I nod. “I mean, honestly, I don’t know that we’ll stay together.”

This semblance of closeness gives me such a warm, unexpectedly cozy feeling. I grab onto that. I want to make it last. So the floodgates open and all this stuff I haven’t told her bursts out. I tell her as much as I can about you and me without admitting to sex and sneaking out and other rule breakage. I tell her you’re suffocating me.

She takes a sip of her tea, then bursts into tears.

“Mom!” I reach over, put a hand on her arm.

“I’m sorry,” she wails as she tries to hold in the sobs.

“Here,” I say, handing her the little pack of tissues in my purse.

“Thanks, honey.”

She wipes her eyes, blows her nose. For a minute, she looks like this little girl I saw in the mall last week who was lost. Lip trembling, eyes full of panic, she walked in a daze, trying not to cry. Then she sat down right where she was and sobbed. It was the saddest thing I’d seen in my life.

“Are you okay?” I ask.

She takes in a shuddering breath. “I’m just so sorry things have worked out this way.” A wistful expression crosses her face. “Do you remember the purple house?”

Now I’m having trouble keeping the tears in. I nod and at the same time, almost as if by silent agreement:

“Ewww, the purple house!”

The words are magic and they work through me, burning away all the pent-up bitterness I’ve had toward her. I’m still angry, still hurt, but the words remind me of the bond we have. Even a giant can’t break it.

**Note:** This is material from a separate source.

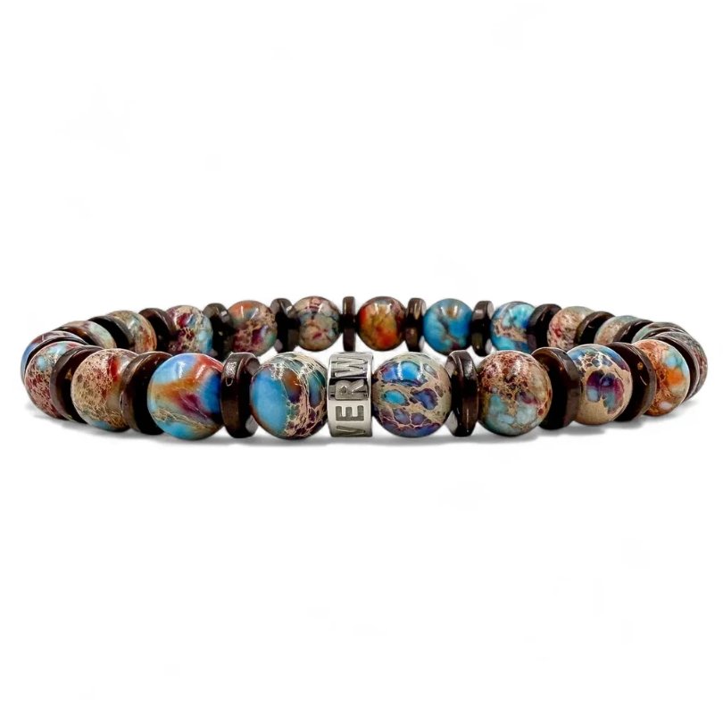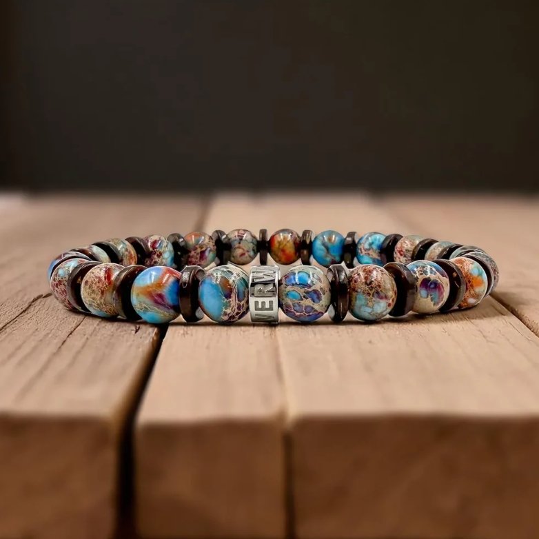 Light it up with Americana Spark—a bracelet that’s all about bold pride and grounded style. Featuring vibrant red, white, and blue tones from Patriot Jasper beads, paired with warm brown coconut wood, this piece captures the spirit of adventure and the grit of American roots. Finished with a polished stainless steel spacer engraved with the EVERWOOD name, it’s a clean and confident nod to freedom and individuality. From backyard barbecues to everyday grind, Americana Spark brings color, character, and timeless edge to your wrist.

“I’m sorry, too,” I say. It’s forgiveness, as much as I can give at this point. I take her hand and squeeze it.

She doesn’t let go.





THIRTY-FOUR

Natalie loops her arm through mine and rests her head on my shoulder. “I love this time of year,” she says.

Spring. It’s all about new beginnings, but I feel like autumn inside. Tomorrow is our closing night, and it’s bringing me down. When I have a show to work on, I spend less time at home. Now it’s back to long afternoons filled with chores and yelling. It’s also April, which means we’ll be finding out what colleges we got into any day now. How could I have not applied to NYU?

“So, what’s happening with Sadie’s?” she asks.

The Sadie Hawkins dance is next week. The girls ask the guys and all the couples wear matching clothes.

I shake my head. “It’s a no-go for me. Gav has a show that night.”

Natalie stops, dropping my arm. “Dude. Senior year. You promised.”

I did. Nat, Lys, and I said we would do every senior activity together and now I’m breaking that promise.

“My boyfriend can’t come,” I say. “What am I supposed to do?”

“Um. How about go?” She gets a sneaky look in her eye. “Gideon doesn’t have a date yet. I have a feeling he wouldn’t mind going with you at all.”

I bump my hip against hers. “Stop it, you.”

“Okay, but seriously,” she says. “Fly solo. I’ll ditch Kyle and dance with you all night, I promise.”

“I’m sorry,” I say. “I can’t go. And it totally sucks because I really want to.”